This document describes the Inventory Service, and simultaneously attempts to provide a template from which we can build further Architecture documents.
This document is not meant to be a complete, rigorous treatment – it is only meant to be sufficient for conversion to specs
This document will refer to possible development paths or optional features, and in no way is meant to prefer or recommend them, merely to provide warnings and context
Context that is not directly modified by this proposal is sometimes provided as a means of justifying the proposal or providing marketing or requirements direction in the future
Puppet already collects more information about its clients than most organizations have about their networks, and we already cache that data as yaml. However, there’s not currently a builtin way for users to get access to that data, nor is there any way to rely on it for operations like dynamic grouping. The primary purpose of this proposal is to solve those two issues.

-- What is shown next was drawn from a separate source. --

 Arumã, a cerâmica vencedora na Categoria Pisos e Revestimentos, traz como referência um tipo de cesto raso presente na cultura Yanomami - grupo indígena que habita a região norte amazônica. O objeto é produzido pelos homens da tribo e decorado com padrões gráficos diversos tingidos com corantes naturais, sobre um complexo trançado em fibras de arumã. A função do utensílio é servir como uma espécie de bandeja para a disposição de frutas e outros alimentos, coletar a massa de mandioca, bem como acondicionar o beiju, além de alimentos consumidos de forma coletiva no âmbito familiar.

Also, the shared-nothing architecture that Puppet uses has resulted in compromises in how we manage and distribute this inventory information, and this central shared service removes the need for those compromises, although it does not specifically include those fixes in scope.

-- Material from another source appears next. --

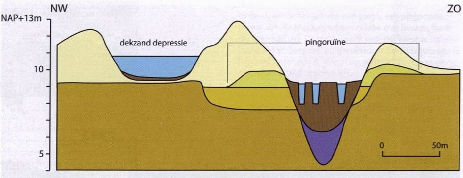 Het verschil tussen een pingoruïne en een uitblazingskom wordt uitgelegd bij de algemene tekst. In het figuur hieronder wordt het verschil getoond.

Additionally, this is a first step toward a CMDB-like service from Puppet Labs. With it in place, and an interface to view it, we can begin exploring an add-on application for a more complete commercial CMDB.
This document describes multiple possible directions once this service exists but should in no way be tied to those directions – the service should be treated as a stand-alone deliverable, and any downstream work should be architected and specified separately.
- Agent – included merely for context. This proposal does not recommend changing anything on the agent.
- Master – receives data from agent and will talk to Inventory Service
- Dashboard – human interface for Puppet ecosystem. Will read data from Inventory Service
- Inventory Service (new) – owns all inventory data
- Facts – inventory data collected from client (generally generated by Facter)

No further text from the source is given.